Multi-channel Overlapping Numbers Corpus


In the scope of some of our early microphone array research at IDIAP, a multi-channel recording of the Numbers speech recognition corpus was made. This multi-channel corpus is available for public distribution to facilitate microphone array speech recognition research. Full details of the corpus are contained in the report “MONC : The Multichannel Overlapping Numbers Corpus”. The corpus is being distributed by the Center for Spoken Language Understanding at OGI.

A description of the database and initial experiments were reported in the following paper:

D. Moore and I. McCowan. Microphone Array Speech Recognition: Experiments on Overlapping Speech in Meetings. In Proceedings of the International Conference on Acoustics, Speech and Signal Processing, April 2003.

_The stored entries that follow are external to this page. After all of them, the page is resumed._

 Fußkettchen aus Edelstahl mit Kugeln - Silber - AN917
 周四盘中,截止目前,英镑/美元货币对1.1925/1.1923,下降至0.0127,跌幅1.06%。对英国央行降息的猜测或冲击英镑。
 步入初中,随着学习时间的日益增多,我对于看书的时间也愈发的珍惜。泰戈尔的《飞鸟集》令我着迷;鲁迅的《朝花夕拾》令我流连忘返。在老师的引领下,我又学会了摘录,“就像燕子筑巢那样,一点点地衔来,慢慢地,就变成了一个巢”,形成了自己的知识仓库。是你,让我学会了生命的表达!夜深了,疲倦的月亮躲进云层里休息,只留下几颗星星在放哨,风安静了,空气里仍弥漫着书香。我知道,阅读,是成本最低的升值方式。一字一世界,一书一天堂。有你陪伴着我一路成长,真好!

Multi-Channel Wall Street Journal Audio-Visual (MS-WSJ-AV) Corpus


The MC-WSJ-AV corpus offers an intermediate task between simple digit recognition and large vocabulary conversational speech recognition. The corpus consists of read Wall Street Journal sentences taken from the test set of the WSJCAM0 database, recorded in the instrumented meeting rooms constructed for the recording of the AMI Meetings Corpus. The sentences are read by a range of speakers (some 45 in total) with varying accents (including a number of non-native English speakers). Sentences are read according to a number of scenarios including a single stationary speaker, a single moving speaker, and multiple concurrent speakers. During recordings, all speakers wear lapel and headset microphones, and audio from two eight element microphone arrays is also captured. The rooms also provide synchronised video recordings including close-up views of the speakers' faces, as well as wide-angle views of the entire room.

The data is suitable for a wide variety of research tasks including: development of microphone array ASR front-end processing systems, audio-visual ASR, audio-visual person tracking, integration of audio-visual person tracking with microphone array ASR processing, recognition of accented and non-native English speech, and recognition of overlapped speech.

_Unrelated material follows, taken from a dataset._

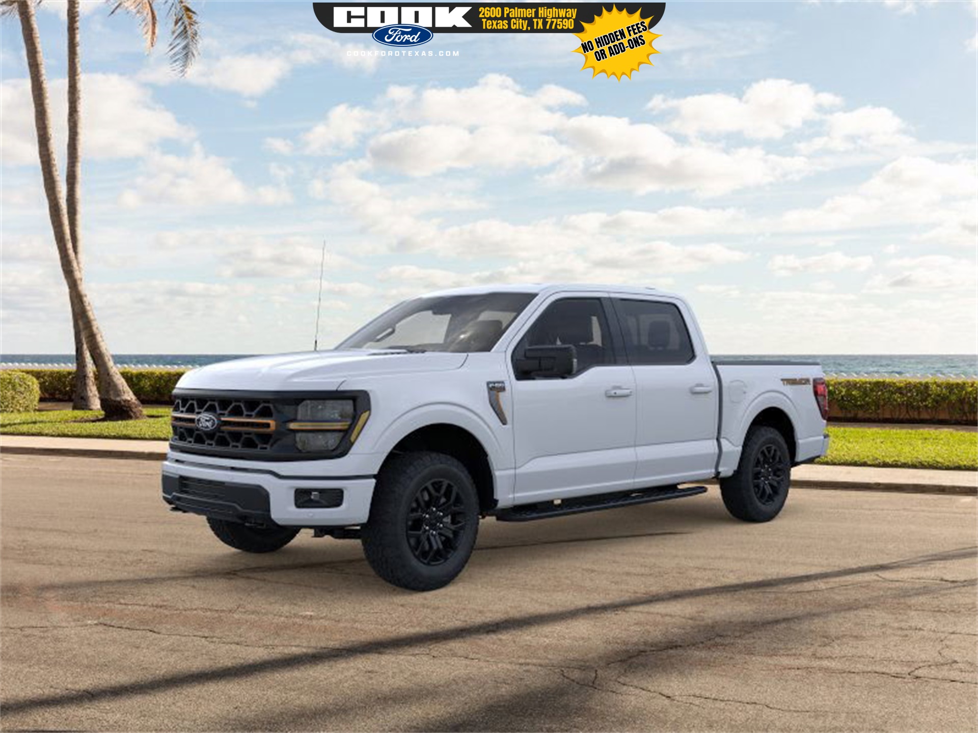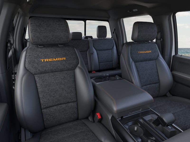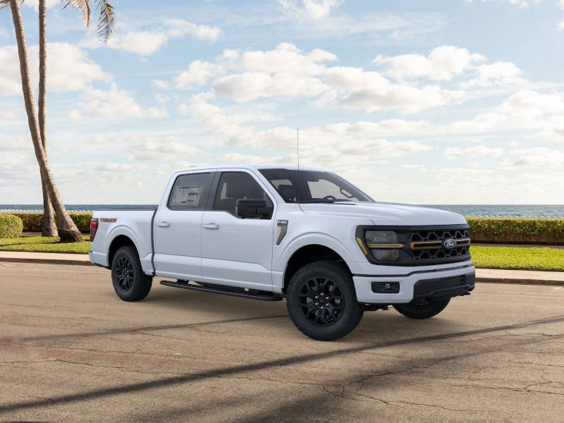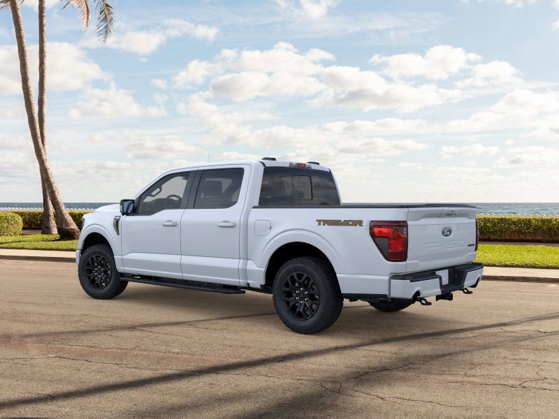 This 2025 Ford F-150 Tremor in Space White Metallic comes with the following features: 5.0L V8 10-Speed Automatic 4WD Bed Utility Package (4 Pickup Box Tie-Down Plates, LED Box Lighting, and Power Tailgate), GVWR: 7,100 lbs Payload Package, Mobile Office Package (Console Worksurface, Partitioned Lockable Rear Storage, and Wireless Charging), Tow/Haul Package (Integrated Trailer Brake Controller), 4-Wheel Disc Brakes,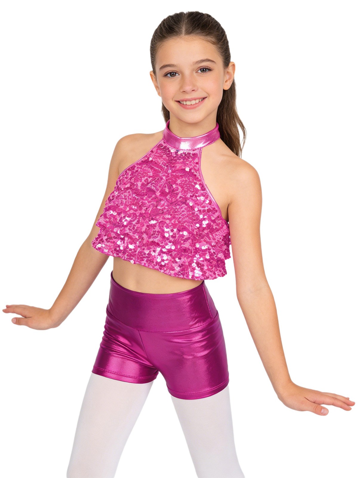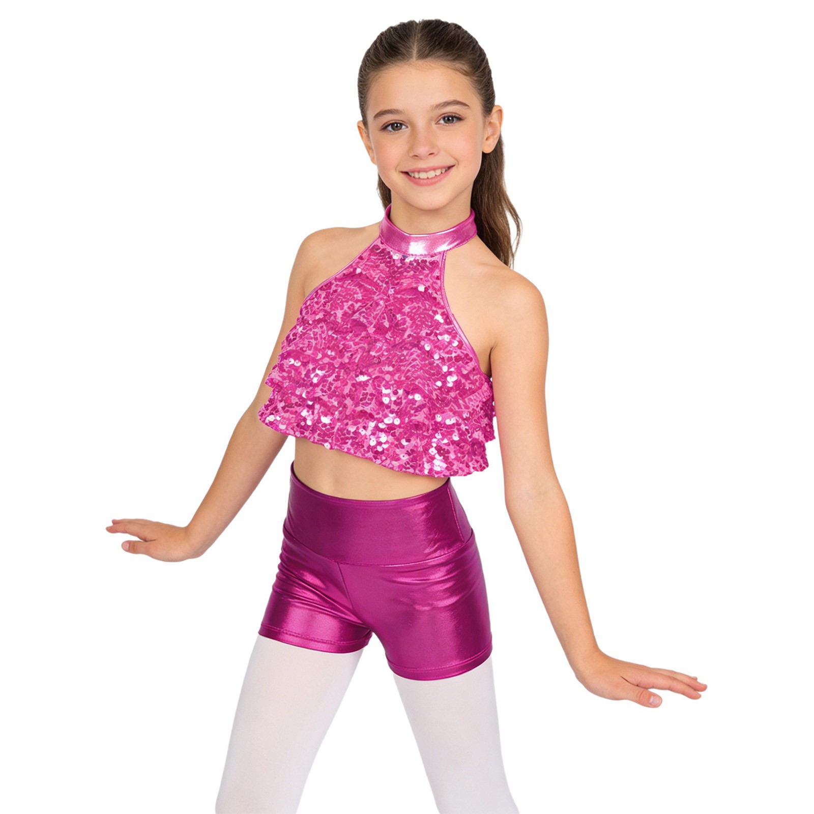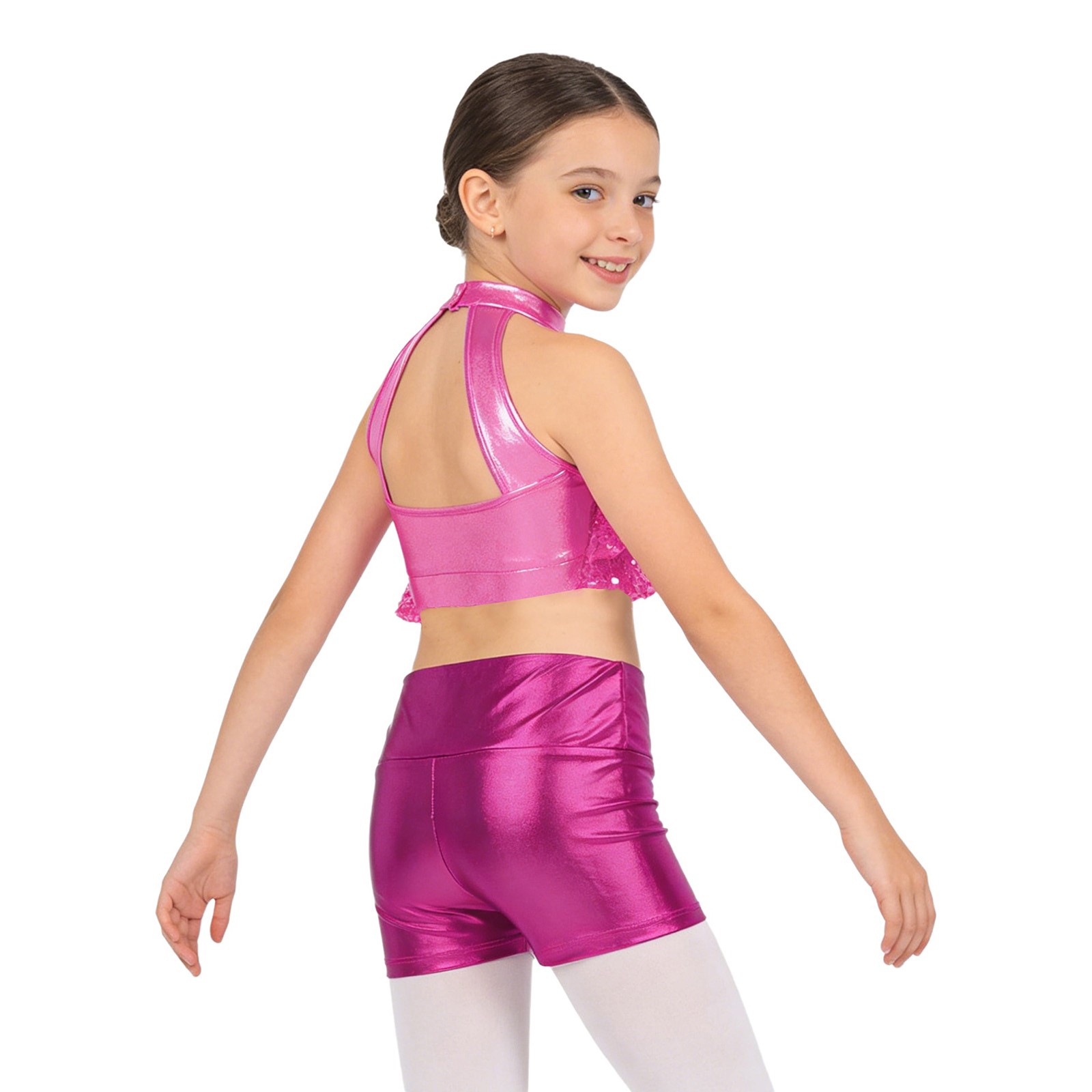 Kids Girls Dancewear Jazz Outfits Stage Set Shiny Backless Performance Ballroom

The corpus is publicly available from the IDIAP MultiModal Media Fileserver. A description of the database and initial experiments were reported in the following paper:

M. Lincoln, I. McCowan, J. Vepa, and H. Krishna Maganti. The Multi-Channel Wall Street Journal Audio-Visual Corpus (MC-WSJ-AV): Specification and Initial Experiments. In Proceedings of the IEEE Automatic Speech Recognition and Understanding Workshop (ASRU), December 2005.



The AMI Meetings Corpus


The AMI Meeting Corpus is a multi-modal data set consisting of 100 hours of meeting recordings. The recordings use a range of signals synchronized to a common timeline. These include close-talking and array microphones, individual and room-view video cameras, and output from a slide projector and an electronic whiteboard. During the meetings, the participants also have unsynchronized pens available to them that record what is written. The meetings were recorded in English using three different rooms with different acoustic properties, and include mostly non-native speakers.

The corpus is publicly available from the AMI Corpus web site, which also has a more informative overview of the corpus. A description of the corpus design and recording setup were reported in the following paper:

I. McCowan, J. Carletta, W. Kraaij, S. Ashby, S. Bourban, M. Flynn, M. Guillemot, T. Hain, J. Kadlec, V. Karaiskos, M. Kronenthal, G. Lathoud, M. Lincoln, A. Lisowska, W. Post, D. Reidsma, and P. Wellner. The AMI Meeting Corpus. In Proceedings of the 5th International Conference on Methods and Techniques in Behavioral Research, September 2005.


Other Data


Some of the other corpora listed on the IDIAP MultiModal Media Fileserver contain microphone array recordings.